## Task to carry out
Since the pictures are not wanted, retype the listing below exactly and without them.

## Dataset extract
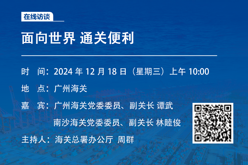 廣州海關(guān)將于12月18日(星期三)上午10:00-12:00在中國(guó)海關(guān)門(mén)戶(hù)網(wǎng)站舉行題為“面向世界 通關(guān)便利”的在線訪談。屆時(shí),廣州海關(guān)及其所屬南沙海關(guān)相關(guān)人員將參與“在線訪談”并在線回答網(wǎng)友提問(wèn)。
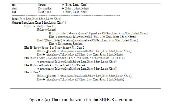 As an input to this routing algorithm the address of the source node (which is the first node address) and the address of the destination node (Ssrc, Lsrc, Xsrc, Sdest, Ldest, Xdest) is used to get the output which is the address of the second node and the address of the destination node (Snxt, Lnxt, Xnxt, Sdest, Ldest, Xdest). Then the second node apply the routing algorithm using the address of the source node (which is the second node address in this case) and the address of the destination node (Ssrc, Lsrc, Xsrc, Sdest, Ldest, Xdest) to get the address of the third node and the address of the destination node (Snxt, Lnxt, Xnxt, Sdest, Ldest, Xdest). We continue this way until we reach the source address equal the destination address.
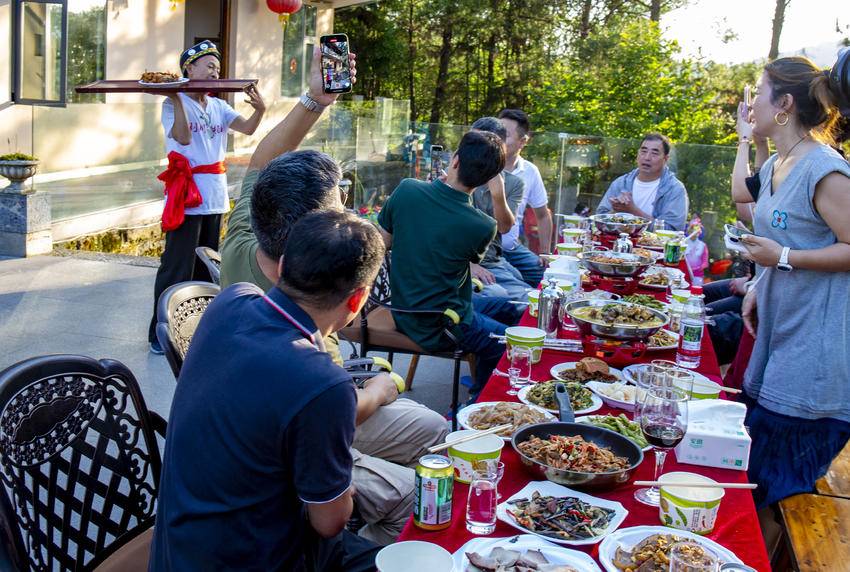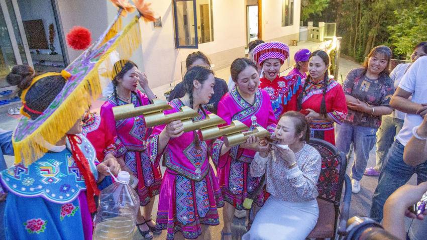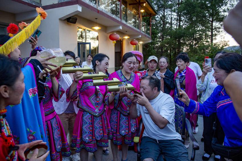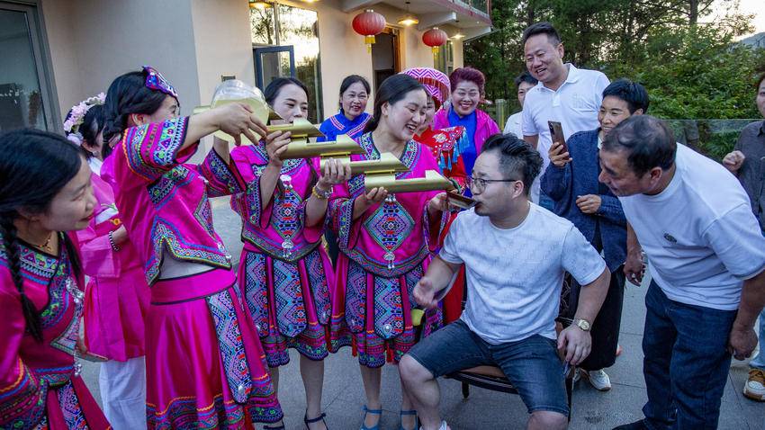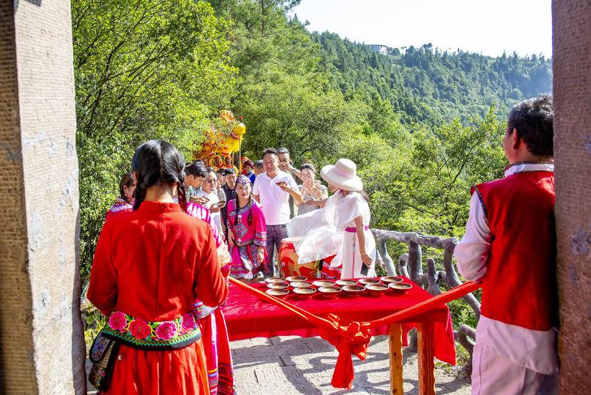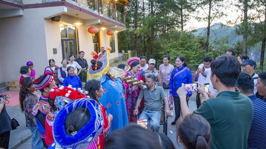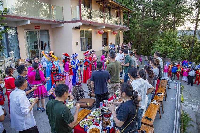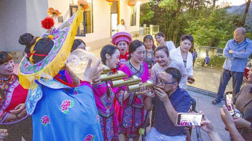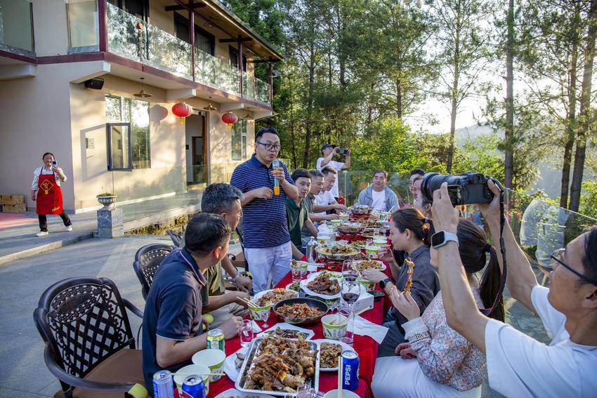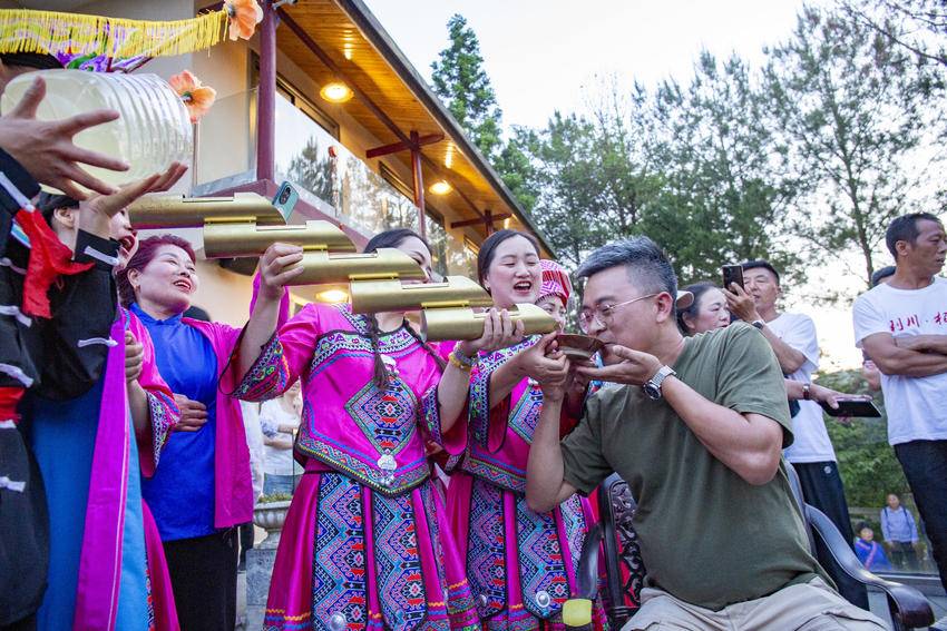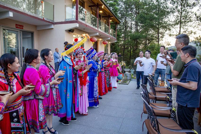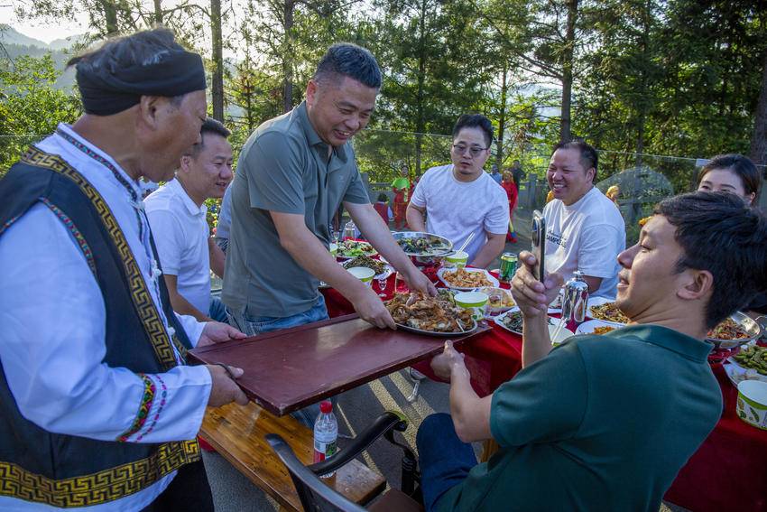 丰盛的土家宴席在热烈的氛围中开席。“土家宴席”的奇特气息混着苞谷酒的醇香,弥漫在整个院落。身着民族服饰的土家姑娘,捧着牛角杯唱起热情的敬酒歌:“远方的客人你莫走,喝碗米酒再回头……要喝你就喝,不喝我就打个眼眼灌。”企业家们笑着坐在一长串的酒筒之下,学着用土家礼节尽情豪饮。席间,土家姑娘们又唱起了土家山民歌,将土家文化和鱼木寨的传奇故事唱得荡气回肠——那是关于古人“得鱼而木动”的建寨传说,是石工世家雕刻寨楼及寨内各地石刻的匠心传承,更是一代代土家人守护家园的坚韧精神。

## Exercise output
 廣州海關(guān)將于12月18日(星期三)上午10:00-12:00在中國(guó)海關(guān)門(mén)戶(hù)網(wǎng)站舉行題為“面向世界 通關(guān)便利”的在線訪談。屆時(shí),廣州海關(guān)及其所屬南沙海關(guān)相關(guān)人員將參與“在線訪談”并在線回答網(wǎng)友提問(wèn)。
 As an input to this routing algorithm the address of the source node (which is the first node address) and the address of the destination node (Ssrc, Lsrc, Xsrc, Sdest, Ldest, Xdest) is used to get the output which is the address of the second node and the address of the destination node (Snxt, Lnxt, Xnxt, Sdest, Ldest, Xdest). Then the second node apply the routing algorithm using the address of the source node (which is the second node address in this case) and the address of the destination node (Ssrc, Lsrc, Xsrc, Sdest, Ldest, Xdest) to get the address of the third node and the address of the destination node (Snxt, Lnxt, Xnxt, Sdest, Ldest, Xdest). We continue this way until we reach the source address equal the destination address.
 丰盛的土家宴席在热烈的氛围中开席。“土家宴席”的奇特气息混着苞谷酒的醇香,弥漫在整个院落。身着民族服饰的土家姑娘,捧着牛角杯唱起热情的敬酒歌:“远方的客人你莫走,喝碗米酒再回头……要喝你就喝,不喝我就打个眼眼灌。”企业家们笑着坐在一长串的酒筒之下,学着用土家礼节尽情豪饮。席间,土家姑娘们又唱起了土家山民歌,将土家文化和鱼木寨的传奇故事唱得荡气回肠——那是关于古人“得鱼而木动”的建寨传说,是石工世家雕刻寨楼及寨内各地石刻的匠心传承,更是一代代土家人守护家园的坚韧精神。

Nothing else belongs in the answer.